Currently (i.e. since ReaR 2.6) there is only

Initial preliminary first basic support for IBM Z
...
so that interested users can try out early
how far things work

see https://github.com/rear/rear/blob/rear-2.7/doc/rear-release-notes.txt#L1520

@pcahyna do I understand it correctly that this pull request enhances ReaR towards official basic support for IBM Z that is limited to DASD disks and perhaps some other limitations?

It is limited to virtual machines using z/VM hypervisors, I have no idea whether the code would work in a LPAR or under KVM.

Concerning disks, the other choice of disks on IBM Z are SCSI disks accessed using Fibre Channel (FCP). My limited understanding is that the SCSI disks do not need any special handling compared to SCSI disks on other architectures, so they might "just work", but I have not tested them.

pcahyna commented at 2023-02-22 10:58:

And yes, with these changes I would not consider ReaR support "preliminary" anymore (on the supported configurations).

schlomo commented at 2023-02-28 21:46:

We have too many open PRs that could be merged IMHO, so I'll just go ahead and merge this now.
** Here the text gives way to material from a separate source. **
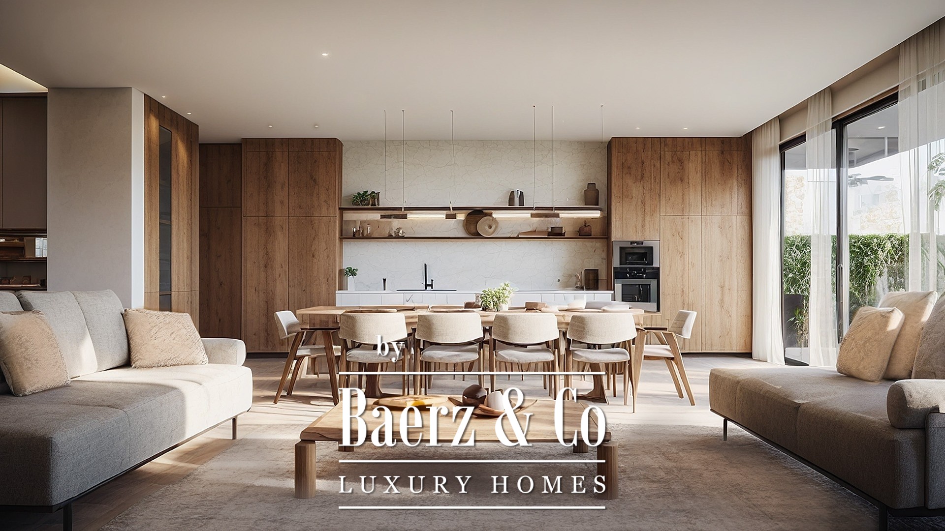 The main floor opens onto the garden through a large living-dining room with an integrated designer kitchen, fully equipped and connected to the outside area. Large full-height windows allow a perfect fusion between interior and exterior, giving way to the covered porch, the private pool and the chill-out area. On this level there is also a guest bedroom with its own bathroom and a guest toilet.

@pcahyna maybe you can follow this up with some documentation changes to update the support status of s390x?

pcahyna commented at 2023-03-14 13:37:

@schlomo thanks, sorry for my belated reply. As @jsmeix said - the scripts to confirm and rerun the generated DASD format scrips are adapted from existing scripts, especially in the case of 400_run_dasd_format_code.sh. I have not tested it in entirety - I believe have I tested editing and confirming the script, but not rerunning it in case it has failed. I trust this part because it was adapted from prior code with only minimal changes. That's why I have not followed your style suggestions: they would increase the difference from the original script and thus increase the risk of introducing a bug.

Ideally all the boilerplate (the state machine) should be shared and only the messages, file names etc. would change, but I don't see how to do that easily, especially in shell.

schlomo commented at 2023-03-14 13:53:

Yes, I totally understand that. Let's hope that there will be more users testing this and provide us feedback


[Export of Github issue for rear/rear.]